Here's what Preston had to say about his neon-tinged nightmare:
KHC: How did you get started with Fangoria? How did that lead to Our Lady of the Inferno being first in line for the Fangoria Presents line?
 
PF: I was a writer for Rue Morgue magazine and a couple of years ago when…Cinestate was shooting the new Puppet Master film here in Dallas, Puppet Master Littlest Reich, a friend of mine got a hold of me…saying they’re shooting this movie near where you live and they needed some extras and it might be cool for you to go and apply to be an extra…I signed up and got chosen as an extra and got to hang out at the Ambassador hotel in Dallas for about a week or so doing background stuff…got introduced to about fifty people at once my first day on set, everybody had no idea who the hell anybody was…
 
…Around the same time, I had sold a manuscript for Our Lady of the Inferno to this independent press in South Georgia and they were called Fear Front publishing…it was in print for a couple of months and then bam they go out of business…I was at least able to get some attention to the book and I was invited to host a writing panel at Texas Frightmare weekend in Dallas…I’m ready to go into the room and I hear somebody yell hey Preston, is that you, and its one of the people from the Puppet Master set.
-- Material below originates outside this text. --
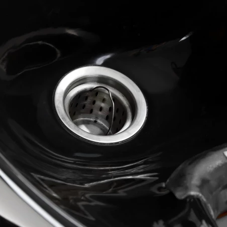 Den djupa, svarta keramikskålen är utformad för att effektivt minimera stänk av vatten och hårvårdsprodukter under behandlingen. Skålens vinkel kan justeras för optimal anpassning efter kundens behov. Det slitstarka keramiska materialet är motståndskraftigt mot fläckar, repor och kemikalier, samtidigt som den släta ytan gör rengöringen enkel. Den ergonomiskt formade nackkragen ger behagligt stöd för huvudet, och ett mjukt plastöverdrag skyddar mot den kalla känslan från keramiken.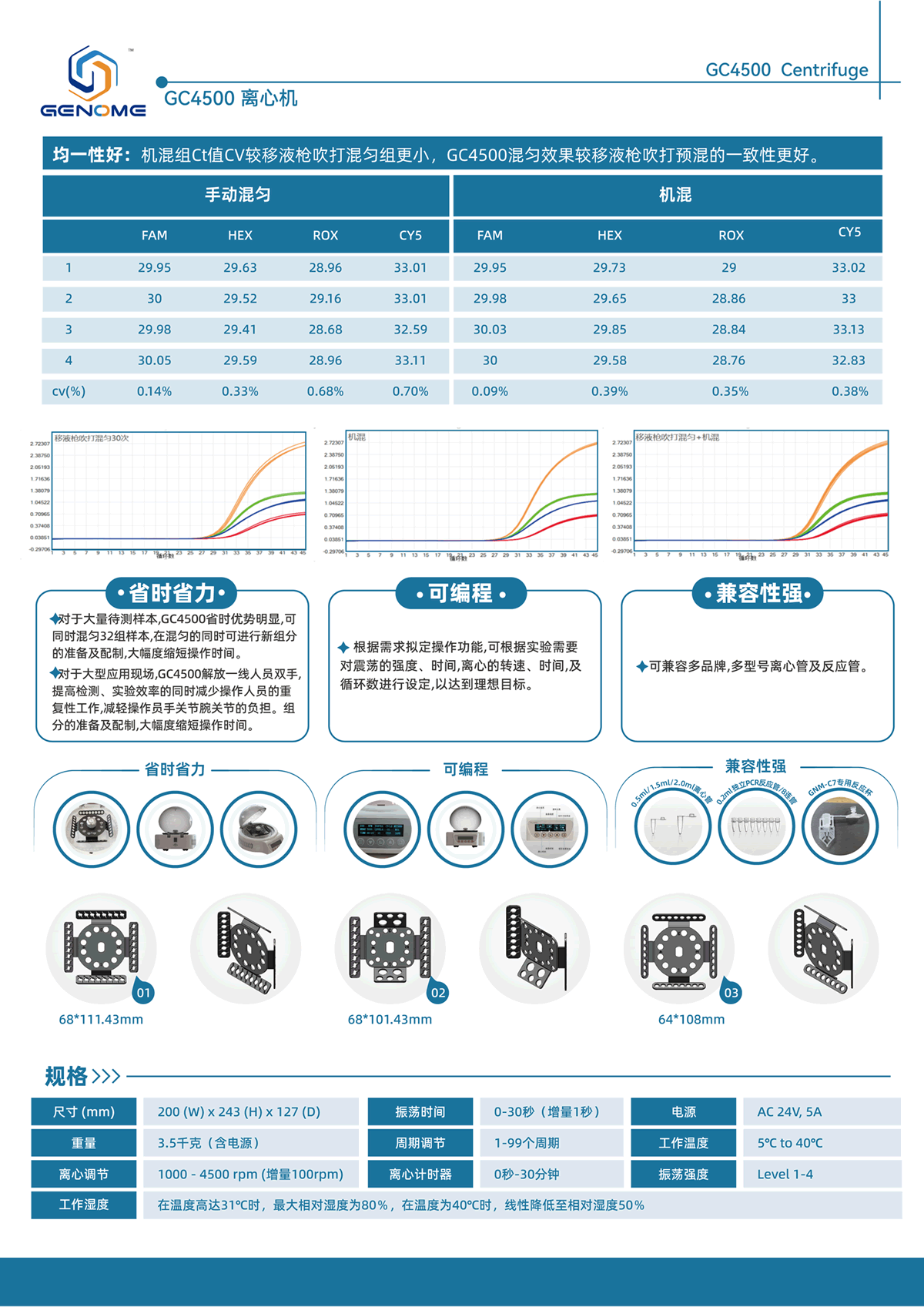 无需手动灵活编程、多管振荡样品离心 离心·振荡离心循环、扩增前预混合PCR样品 均一性好:机混组Ct值CV较移液枪吹打混匀组更小,GC4500混匀效果较移液枪吹打预混的一致性更好

He comes up to me and he says hey what are you doing here, I say well I wrote this book and I’m going to host a horror writing panel and he takes a look at it and says well this sounds really cool, I’m going to be here tomorrow as part of the Puppet Master panel, will you bring me a copy? I say sure, so I go, I host my panel, next day I show up at the Puppet Master panel…that’s when I realize that this guy who I met on the first day and confused with everybody else is Dallas Sonnier, the CEO of Cinestate, producer of Puppet Master, and this is my oh shit moment, so I give him a copy of my book, he says I read about it on Amazon last night and it sounds really cool, I’m looking forward to it…I’m thinking to myself either he’s curious or he’s just being nice, either way this is cool to have that experience.
 
Couple of months go by and I get an email from a woman named Amanda Presmyk from Cinestate and she says hey Preston, believe it or not we have been reading and loving Our Lady of the Inferno and we would like you to come down to our offices and we’d like to talk to you about it. And so I come down to the Cinestate offices and they say hey, would you be interested in selling the film rights to Our Lady of the Inferno…I say hey, matter of fact my publisher went out of business, do you want the publishing rights too? And they say you know what, yeah, we’re interested in publishing, we’re interested in film, and I say hey as long as you’re picking up my book and as long as you’re picking up the film rights how about you hire me to work at Cinestate, and I pitch myself right there in the meeting as a Cinestate employee, and I said do you have anything that I would be helpful with and Dallas exchanges this look with Amanda and he says you know what we just might…(later) I’m in the lobby of this Texas theater ready to go in to see Event Horizon in 35mm and I get a phone call from Dallas and he says I see you signed the last NDAs and I’m really excited about that, I’m really excited we’re gonna be publishing Our Lady of the Inferno and now that you have signed off on these NDAs I can tell you why I was interested in acquiring this…I bought Fangoria magazine. That was my second big real oh shit moment happening…and so that is how I found out that I was going to be working for the new iteration of Fangoria and that Our Lady of the Inferno was going to be Fangoria Presents number one novel.
 
KHC: While reading Our Lady of the Inferno, I felt that it theoretically could have taken place during any decade. What was it about the neon-lit 80s period that you found so alluring for this story?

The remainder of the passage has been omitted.